The amount of shares of Common Stock into which Elliott, Westgate, and
Elliott International's convertible notes and warrants are each convertible or
exchangeable is limited, pursuant to the terms of such instruments, to that
amount which would result in Elliott, Westgate and Elliott International
together having beneficial ownership of Common Stock not exceeding 9.9% of all
of the outstanding shares of Common Stock (the "Ownership Limitation"). However,
the Ownership Limitation is suspended during any periods when Elliott, Westgate
and Elliott International have the status of "director" or "director by
deputization" of the Issuer for purposes of Section 16 under the Securities
Exchange Act of 1934, as amended, as is currently the case due to the election
of Messrs. Brodsky and Perlman, designees of the Reporting Persons, to the
Board.
Together, Westgate and Elliott International beneficially own an
aggregate of 19,716,732 shares of Common Stock, constituting 34.7% of all of the
outstanding shares of Common Stock. Westgate and Elliott International currently
hold the following securities of the Issuer:
- 2,626,481 shares of Common Stock held outright,
- $833,333 face amount of 6% Notes which, together with
accrued interest thereon, are presently convertible into 3,659,443 shares of
Common Stock,
- $125,000 face amount of 2% Notes which, together with
accrued interest thereon, are presently convertible into 525,194 shares of
Common Stock,
- $1,288,889 face amount of Amended 2% Notes which, together
with accrued interest thereon, are presently convertible into 5,751,596 shares
of Common Stock, and
- $1,666,668 face amount of 10% Notes which are presently
convertible into 7,154,018 shares of Common Stock.
Elliott, Westgate and Elliott International's aggregate beneficial
ownership of Common Stock equals 73,858,926 shares, comprising 53.4% of all of
the outstanding shares of Common Stock.
(b) Elliott has the power to vote or direct the vote of, and to dispose
or direct the disposition of, the shares of Common Stock beneficially owned by
it.
Westgate has the shared power with Elliott International to vote or
direct the vote of, and to dispose or direct the disposition of, the shares of
Common Stock owned by Westgate. Information regarding each of Westgate and
Elliott International is set forth in Item 2 of this Schedule 13D and is
expressly incorporated by reference herein.

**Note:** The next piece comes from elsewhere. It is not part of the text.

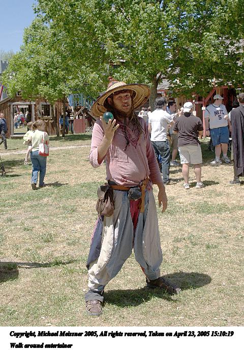 Picture #7: Walk around entertainer Thumb: 240x320, 39,211 bytes (39K) Small: 480x686, 129,343 bytes (127K), (html file) Large: 1920x2560, 6,726,418 bytes (6.4M), (html file) Copyright, Michael Meissner 2005, All rights reserved Olympus E-1 camera with Olympus 14-54mm f/2.8-3.5 lens f/7.1, ISO 100, 1/250 sec, 23.0mm, auto mode, SHQ, matrix metering, -2 contrast, +2 sharpening 35mm equivalent focal length 46.0mm Taken by Michael Meissner on April 23, 2005 15:10:19 Last modified on June 02, 2005 at 08:24 |
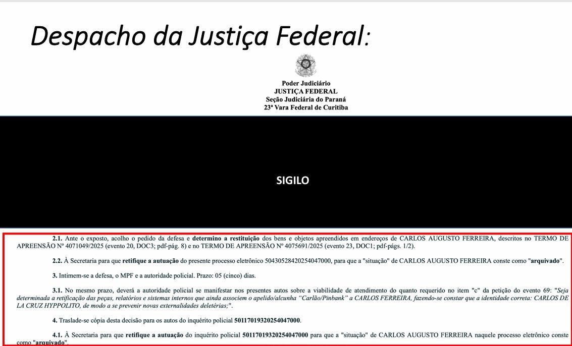 Para o secretário de Fazenda, a Polícia Federal o confundiu com o verdadeiro presidente da fintech, que também se chama Carlos. [ouça o áudio]

(c) The following transactions were effected by Elliott during the past
sixty (60) days:
Approx. Price per
Amount of Shs. Share (excl. of
Date Security Bought (Sold) commissions)
9/19/00 Common 1,699,999 $ .25*
10/05/00 Common 17,391 $ .25*
10/20/00 Common 909,091 $2.75
The transactions marked with an asterisk represent conversions of
derivative securities. The other transaction was effected by Elliott directly
with the Issuer.
The following transactions were effected by Westgate during the past
sixty (60) days:
Approx. Price per
Amount of Shs. Share (excl. of
Date Security Bought (Sold) commissions)
9/19/00 Common 1,699,999 $ .25*
10/05/00 Common 17,391 $ .25*
10/20/00 Common 909,091 $2.75
The transactions marked with an asterisk represent conversions of
derivative securities. The other transaction was effected by Westgate directly
with the Issuer.
No other transactions with respect to the Common Stock that are
required to be reported and have not been previously reported on Schedule 13D
were effected by either Elliott or Westgate during the past sixty (60) days.
(d) No person other than Elliott has the right to receive or the power
to direct the receipt of dividends from, or the proceeds from the sale of, the
shares of Common Stock beneficially owned by Elliott.

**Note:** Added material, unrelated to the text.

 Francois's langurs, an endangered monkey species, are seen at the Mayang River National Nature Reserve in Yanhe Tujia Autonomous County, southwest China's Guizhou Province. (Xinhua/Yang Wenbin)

No person other than Westgate and Elliott International has the right
to receive or the power to direct the receipt of dividends from, or the proceeds
from the sale of, the shares of Common Stock beneficially owned by Westgate and
Elliott International.
(e) Not applicable.
ITEM 7. Material to be Filed as Exhibits.
Exhibit B - Letter Agreement dated October 20, 2000.
SIGNATURES
After reasonable inquiry and to the best of its knowledge and belief,
the undersigned each certifies that the information with respect to it set forth
in this statement is true, complete and correct.
Dated: November 9, 2000
ELLIOTT ASSOCIATES, L.P.
By: /S/ Paul E. Singer
Paul E. Singer
General Partner
WESTGATE INTERNATIONAL, L.P.
By: Elliott International Capital Advisors, Inc.
as Attorney-in-Fact
By: /s/ Paul E. Singer
Paul E. Singer
President
ELLIOTT INTERNATIONAL CAPITAL ADVISORS, INC.
By: /s/ Paul E. Singer
Paul E. Singer
President
<PAGE>
EXHIBIT B
Elliott Associates, L.P.
712 Fifth Avenue
New York, New York 10019
Westgate International, L.P.
c/o Elliott Management Corporation
712 Fifth Avenue
New York, New York 10019
October 20, 2000
Illinois Superconductor Corporation
451 Kingston Court
Mt. Prospect, Illinois 60056
RE: Additional Investment
Ladies and Gentlemen:
The undersigned, Elliott Associates, L.P. ("Elliott") and Westgate
International, L.P. ("Westgate" and together with Elliott, the "Purchasers")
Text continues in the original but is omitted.